Date Thesis Awarded


Access Type

Honors Thesis -- Open Access

Degree Name

Bachelors of Science (BS)




Randolph Chambers

Committee Members

Deborah Steinberg

Orissa Moulton

Christopher Hein


Fecal pellet carbon (FPC) production by zooplankton is a significant component of the ocean’s biological carbon pump: the suite of biological processes that mediate export of carbon to the deep ocean, ultimately leading to the sequestration of atmospheric carbon dioxide in the ocean. In this study, mesozooplankton (zooplankton 0.2 mm to ~2 cm) were collected from the epipelagic zone in the temperate North Atlantic Ocean during day and night in May 2021. Zooplankton were live separated into five size fractions and incubated on board ship in natural surface seawater to measure fecal pellet production rate of the mixed mesozooplankton community. Individual animals in each size class used in experiments were counted and identified by major taxonomic groups, and fecal pellets were counted, measured, and analyzed by CHN analysis to determine amount of particulate organic carbon and nitrogen produced as fecal pellets.

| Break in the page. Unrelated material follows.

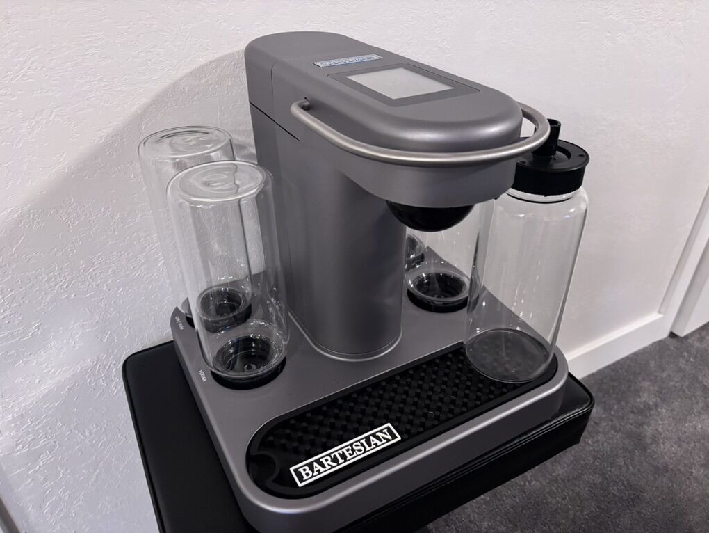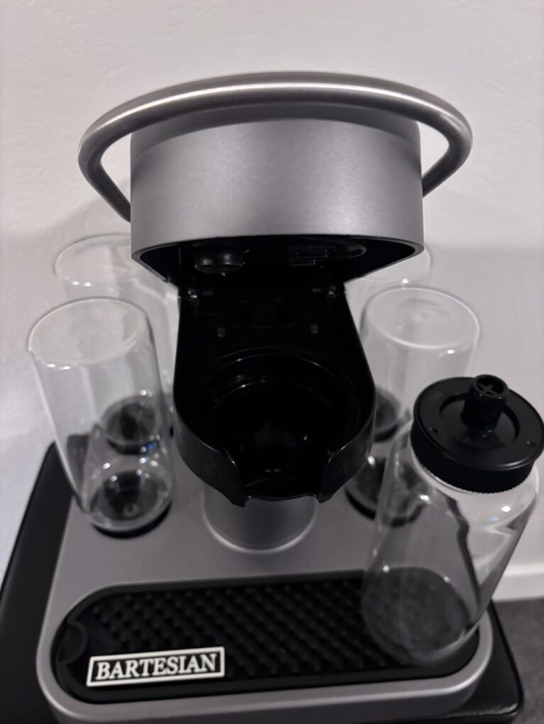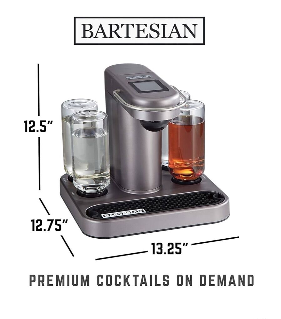 INTELLIGENT COCKTAIL CREATION: Create endless craft cocktails in the comfort of home — no need to measure or pour. Just insert a cocktail capsule into your Bartesian drink mixer machine, select your preferred strength and press mix. The system draws the spirit from the appropriate reservoir and mixes your cocktail in seconds. MIXOLOGIST-APPROVED DRINKS: Bartesian cocktail machine capsules were created by master mixologists and include the ingredients for favorites like margaritas, whiskey sours, old fashioneds and more. VARIETY WITHOUT COMPLEXITY: Bartesian offers all the benefits of a fully-equipped bar, without the time and expense of stocking various juices, bitters, simple syrups and other ingredients. All you need to worry about is having your preferred whiskey, vodka, rum, gin or tequila on hand. EASY-CLEAN DESIGN: An automatic cleaning cycle that runs after each cocktail is created, a manual cleaning cycle, and dishwasher safe parts make caring for the cocktail maker easy and ensures every drink tastes its best. If you encounter any issues with excessive spillage during operation, please ensure that all components are securely assembled and that the machine is placed on a stable surface. Additionally, regularly check and clean the dispensing nozzles to prevent any blockages that may affect the machine's performance. Please also ensure that you have a glass ready to go before dispensing.

Despite having a small contribution to dry-weight biomass relative to individual abundance, zooplankton in the smallest size class (200-500 µm) contributed the most to FPC production. When normalized for total dry weight biomass of animals collected throughout the May 2021 cruise, FPC production was higher during the night than day, but this difference was not significant. This research is important to our understanding of the ocean’s biological pump, allowing us to more accurately model the impact of the open oceans – the largest ecosystem on earth – on long-term climate regulation.